There are nearly 40 square miles of open, structure-free land in Detroit. While “vacant” land in Detroit is considered a liability by most, others believe that that such land can be an asset to the city and its residents. The Work Department is passionate about making complex ideas and practices accessible to everyone, despite age, expertise, or reading level—so designing for residents while addressing the future of our land was an exciting opportunity for us.
Through workshops and conversations with Detroit Future City (DFC) and a network of over 50 stakeholders, we collaboratively composed a shared definition of green infrastructure that was easy to understand, and clearly outlined ways the practices will benefit Detroiters. We paired the language with fun, colorful illustrations to produce a visually impactful tool that anyone can pick up and use. This tool, Working with Lots: A Field Guide, is an in-depth workbook that helps prepare residents with the information and approaches that they need to shape land use.

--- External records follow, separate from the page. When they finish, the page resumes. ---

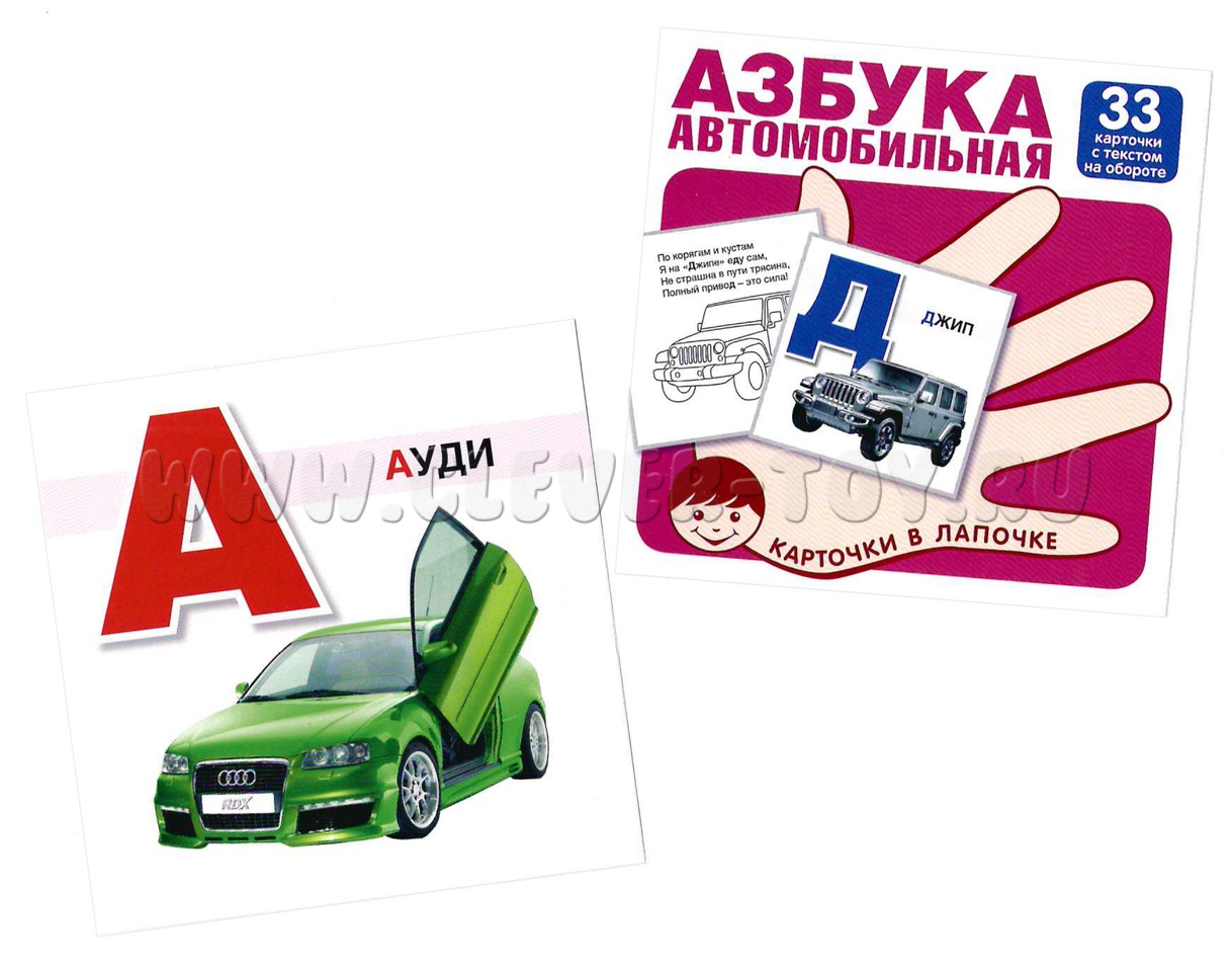Для маленьких поклонников машин есть специальная азбука в серии Карточки в лапочке. Комплект "Автомобильная азбука" поможет детям в интересной форме ознакомиться с гласными и согласными буквами родного языка.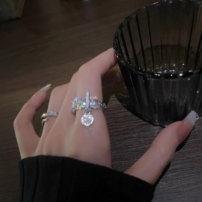 Light Luxury High-End Zircon Pendant Ring, Female Cold Wind Niche Design Fashion Personality Open Index Finger Ring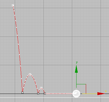 此场景包含一个网球以及一个充当地面的平面。球已具有动画效果,但它一直保持反弹回到大约相同的高度:该场景尚未针对能量的正常损失建模。(随着球的运动,其反弹幅度会变得比较接近:关键帧的间距基于上面显示的现实世界的图示,但是反弹高度不会调整。)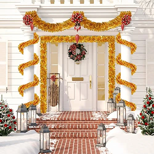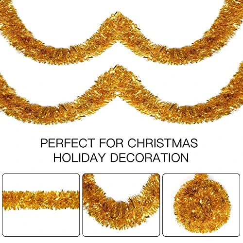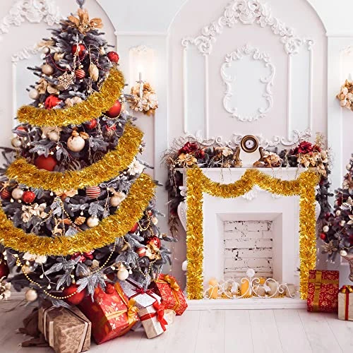 - SHINING METALLIC MATERIAL: This Christmas metallic twist garland is made of high quality PVC, durable and sturdy to use, not easy to break or fade, the inside of the tinsel contains metal wire, odorless and reusable.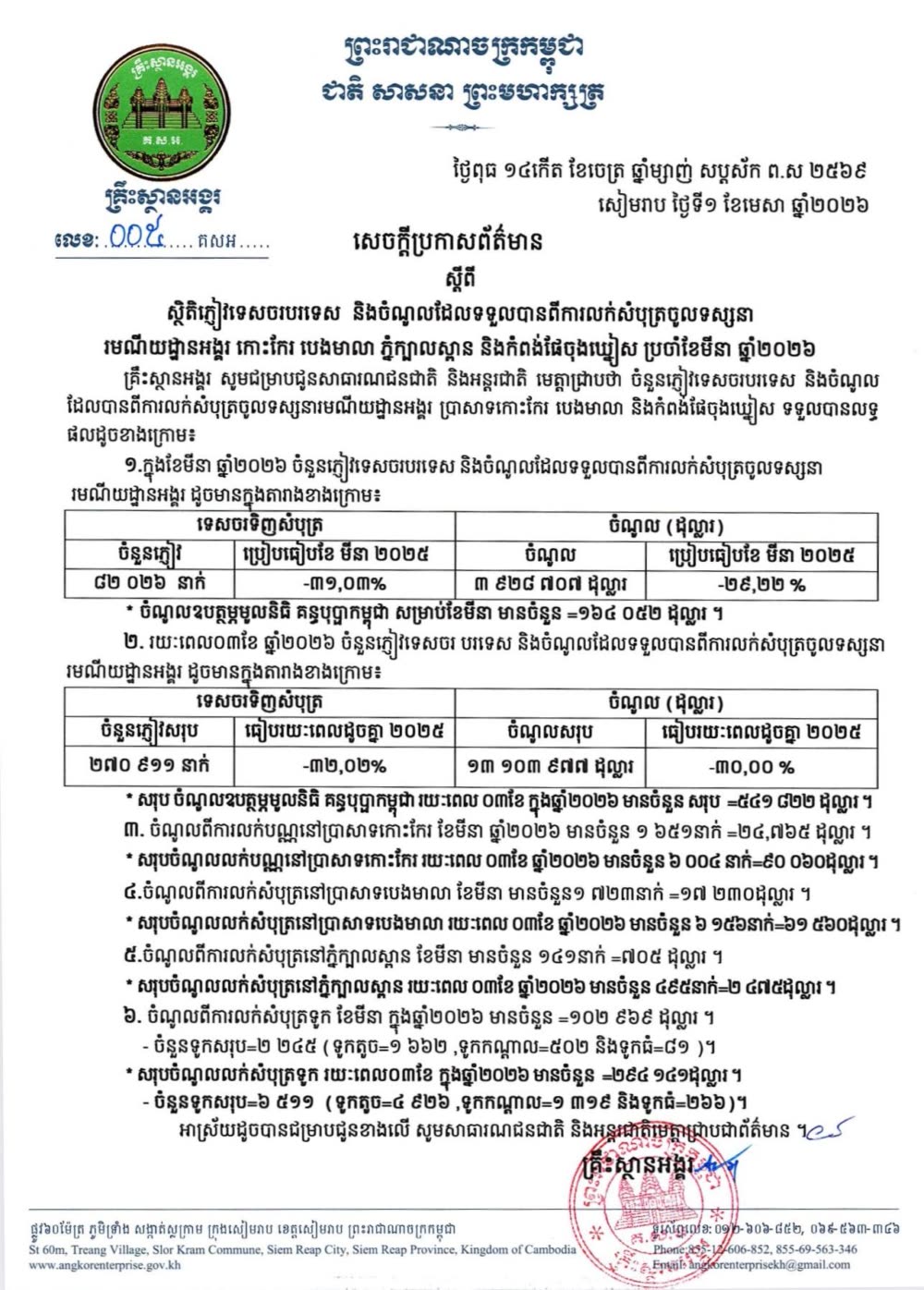 កម្ពុជារកចំណូលបាន ១៣ ១០៣ ៩៧៧ ដុល្លារអាម៉េរិក ពីការលក់សំបុត្រចូលទស្សនារមណីយដ្ឋានអង្គរ ក្នុងរយៈពេល ៣ខែ ដើមឆ្នាំ២០២៦៕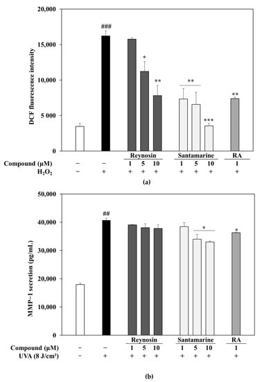 The antioxidative capabilities of reynosin and santamarine were confirmed in HDFs using DCFH-DA fluorescent assay. As seen in Figure 3a, both reynosin and santamarine showed dose-dependent radical scavenging activity. Santamarine and reynosin decreased the ROS activity in HDFs with IC50 value of 4.04 and 11.28 µM, respectively.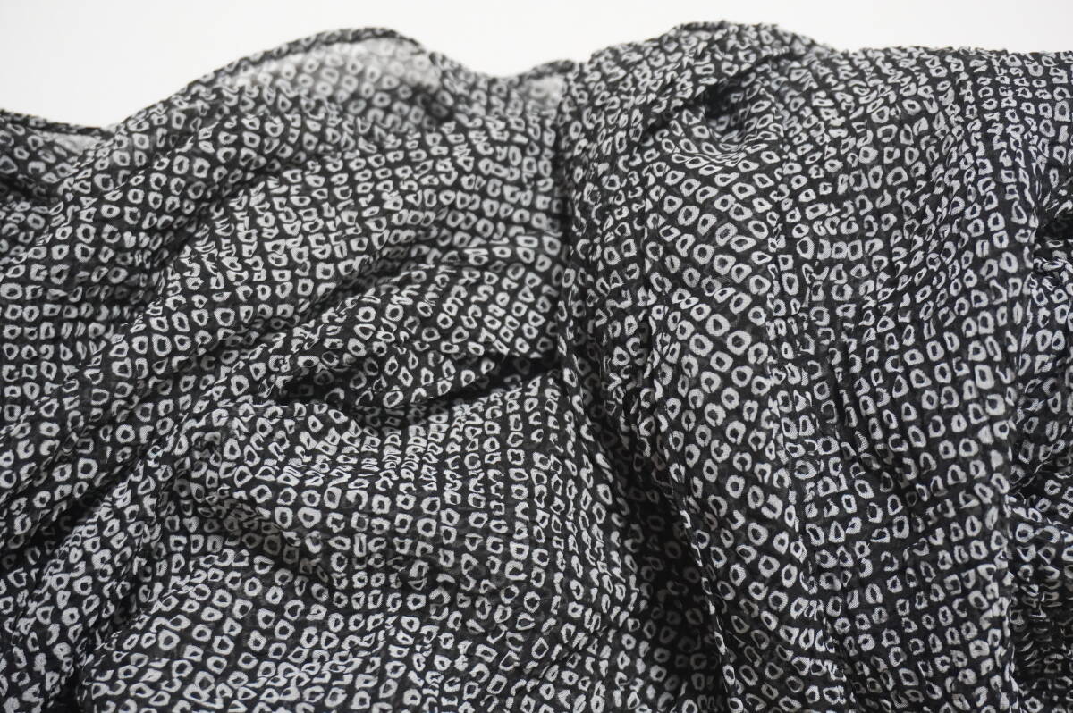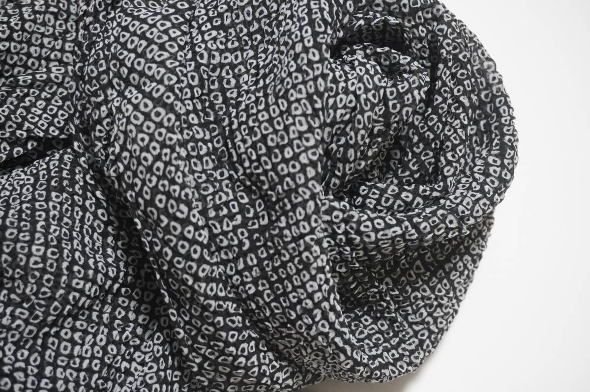 男の子ゆかた用、(総絞り風)柄へこ帯(くろ)  化繊  約35x260cm ’鹿の子柄絞り風の兵児帯+巾着(小)です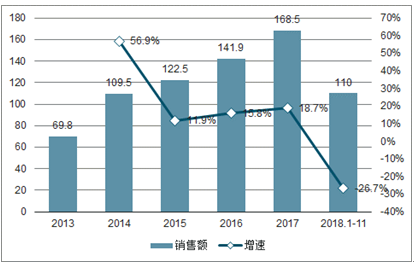 2019年11月净化器线下市场继续走低,受到2017年市场火爆影响,2019年同比下滑幅度加大。2019年1-11月份空气净水器销售额为110亿元,同比下滑26.7%。

We collaboratively wrote hands-on activities including ones for residents to engage friends and neighbors in brainstorming uses for vacant lots, mapping and exploring lot designs. Residents are encouraged to do the activities that matter to them in whatever order works best for them, whether it’s building a neighborhood vision or testing soil quality. All the activities are flexible and can be customized. The type is large and the bright color palette helps guide people through the workbook. In order to make this resource widely available, it is available to download here and from DFC-lots.com and can be printed in black-and-white as well as color, without losing its functionality.